The placenta is a vital link between mother and fetus, supporting fetal growth through supply of oxygen and nutrients. However, it must also work to balance both maternal and fetal needs and adapt to the maternal environment to support successful pregnancy. Failure to adapt can impact maternal health and fetal growth, which may have long-lasting effects on the offspring. For this study, pregnant mice were exposed to either maternal inhalation hypoxia (MIH; 10% or 13% inspired oxygen), or food restriction (FR) between days 14-19 of gestation. To explore the role of the placenta in adverse conditions, the distinct functional zones of the mouse placenta, the endocrine junctional zone (JZ) and the labyrinth zone (LZ), which is responsible for transport, have been examined separately. Where possible, analyses have been performed on placentas from both male and female fetuses.

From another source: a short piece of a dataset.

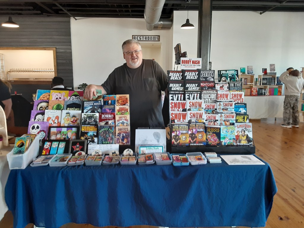 Hi. I’m Bobby Nash. I am a writer and artist from Georgia. I write novels, comic books, short stories, audio dramas, screenplays, and occasional essays. My first professional, non-school published piece happened in 1992. In 2005, my first novel debuted and it’s been pretty steady busy since then. At last count, January 2026, I have 219 published stories. It breaks down to 45 novels/novellas/collections, 101 short stories/anthologies, 63 comic books/graphic novels, 8 original short film screenplays, and 4 original full-cast audio scripts. I don’t have a total count on essays, articles, and the like. A few of them won awards, which is very gratifying.

Fetal weight was reduced and placental weight unchanged in both sexes under MIH and FR. Gene expression analysis of the LZ in MIH identified that altered lipid handling, peroxisome proliferator-activated receptor (PPAR) signalling, and calcium binding may contribute to reduced fetal weight. Histological analysis showed a striking increase in calcium deposition, corresponding with areas of fibrosis. In the JZ, increased glycogen deposition was observed, and dysregulation of steroidogenic genes. With FR, transcriptomic changes in the LZ included genes involved in the extracellular matrix and circadian rhythms. FR also increased glycogen deposition and altered JZ cellular composition. Despite reduced food intake in dams exposed to 10% MIH, differences in maternal physiology were observed between FR and MIH. FR dams had features of a fasting response, whereas this was not observed in hypoxic dams. Proteomic analysis identified altered abundance of proteins involved in lipid metabolism in MIH and iron handling in FR. Placentally secreted proteins were detected in maternal plasma, identifying potential biomarkers to inform on placental function, and hence fetal and maternal health.

In summary, although both MIH and FR had the same overall outcome to limit fetal growth, environment-specific placental changes have been identified, underlining the integrative function of the placenta for maternal and fetal health. Future research based on this study will help to understand and characterise pathogenesis of pregnancy complications and how the placenta orchestrates both fetal and maternal health during pregnancy.